The compound was bombed and completely destroyed by F-15E Strike Eagle jets after the helicopters evacuated the task force and the hostages.

== Aftermath ==
Wheeler was the first U.S. soldier to die in combat against the Islamic State. He was awarded a Purple Heart posthumously. The U.S. Defense secretary at the time, Ash Carter, applauded Wheeler as a hero, saying "his response enabled the mission to succeed." His death sparked discussions about the nature of U.S. involvement in the fight against ISIS. In response Carter said that "the plan was not for the U.S. advise-and-assist and accompanying forces to enter the compound or be involved in the firefight," but that "[Wheeler] is someone who saw the team that he was advising and assisting coming under attack, and he made it possible for them to be effective, and in doing that, lost his own life."

Carter said the U.S. and its Kurdish partners collected valuable intelligence at the scene, including documents and electronics. This, he said, shows "the great value of raids of this kind," and that he expects more operations of this type to happen. The KRSC considered the Hawija operation to be the "single most significant joint rescue operation based out of the Kurdistan region conducted deep in ISIS territory" to date.

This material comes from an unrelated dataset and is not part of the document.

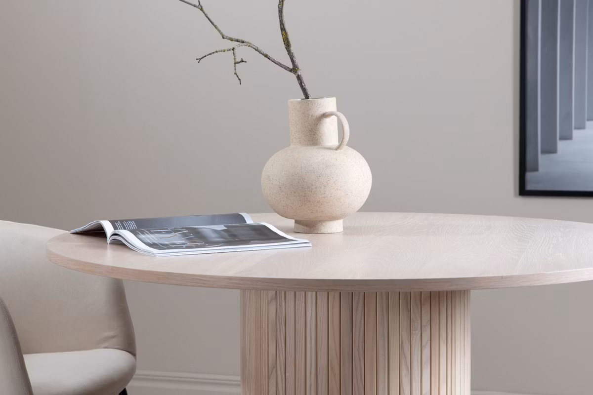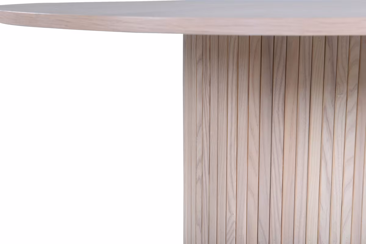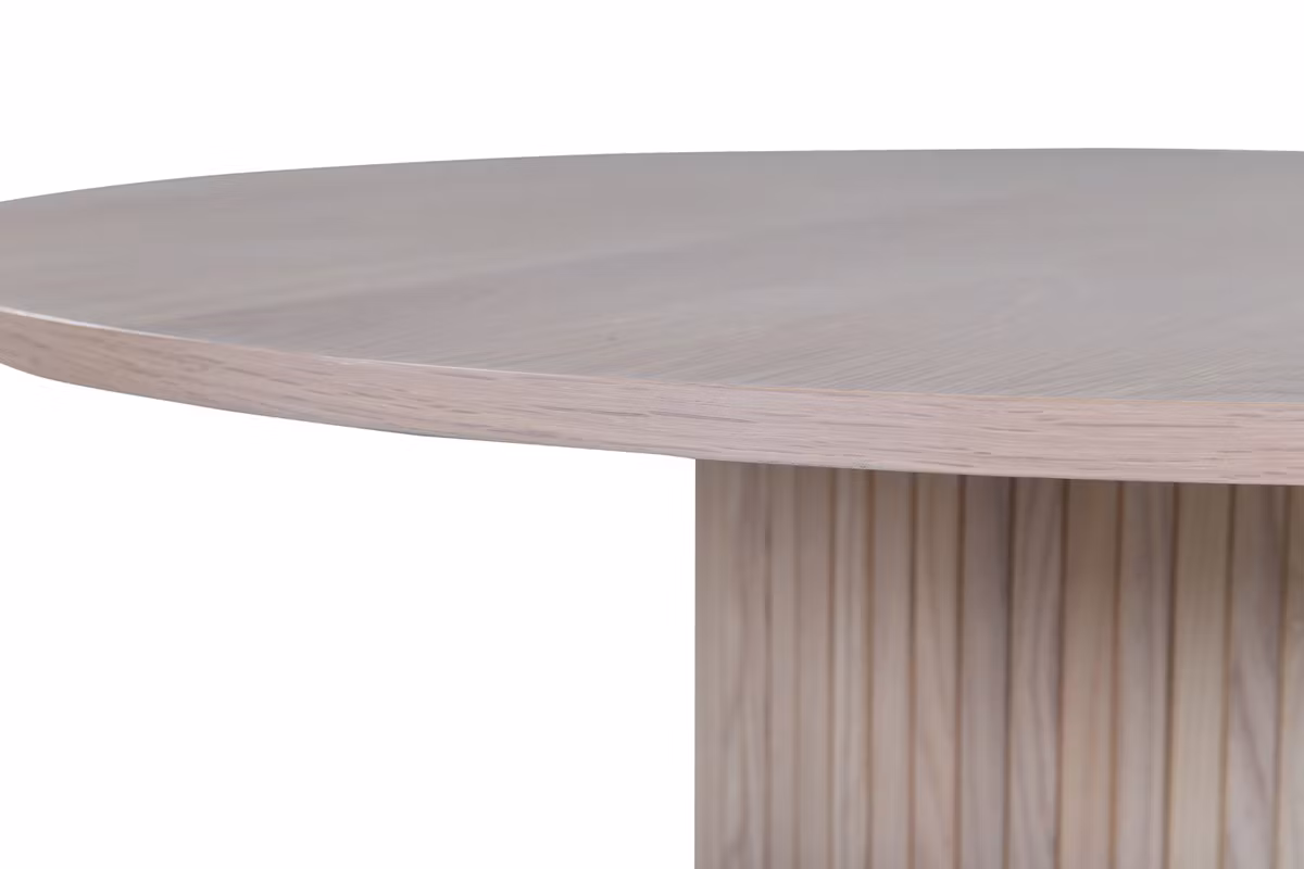 Skapa en härlig gemenskap kring vårt runda matbord Bianca i modemedveten design! Bordsskivan är tillverkad i MDF och har en cylinderformad stomme i robust utformning och ribbad design. Den genomgående putsat vita kulören är lika tidlös som snygg och enkel att matcha med övrig inredning. Förhöj inredningskänslan och låt tiden här bli till en av dagens höjdpunkter! Skötselråd: MDF-skivor som är målade eller lackade är känsliga för repor och skador. Var därför varsam med skivorna för att undvika detta. Ytor målade med lack med färgpigment eller målarfärg har en pigmentering som ger en ej täckande genomskinlig yta.

It also offered its "heartfelt condolences" to the family and friends of Joshua Wheeler and expressed its gratefulness to the "counterterrorism professionals" for their bravery.

The central government in Baghdad did not know the operation was taking place until "they started receiving phone calls from reporters."

On 11 September 2020, Thomas Payne, was awarded the Medal of Honor for his actions that day by President Donald Trump, becoming the first living Delta Force recipient of the Medal of Honor and the first Medal of Honor recipient for Operation Inherent Resolve.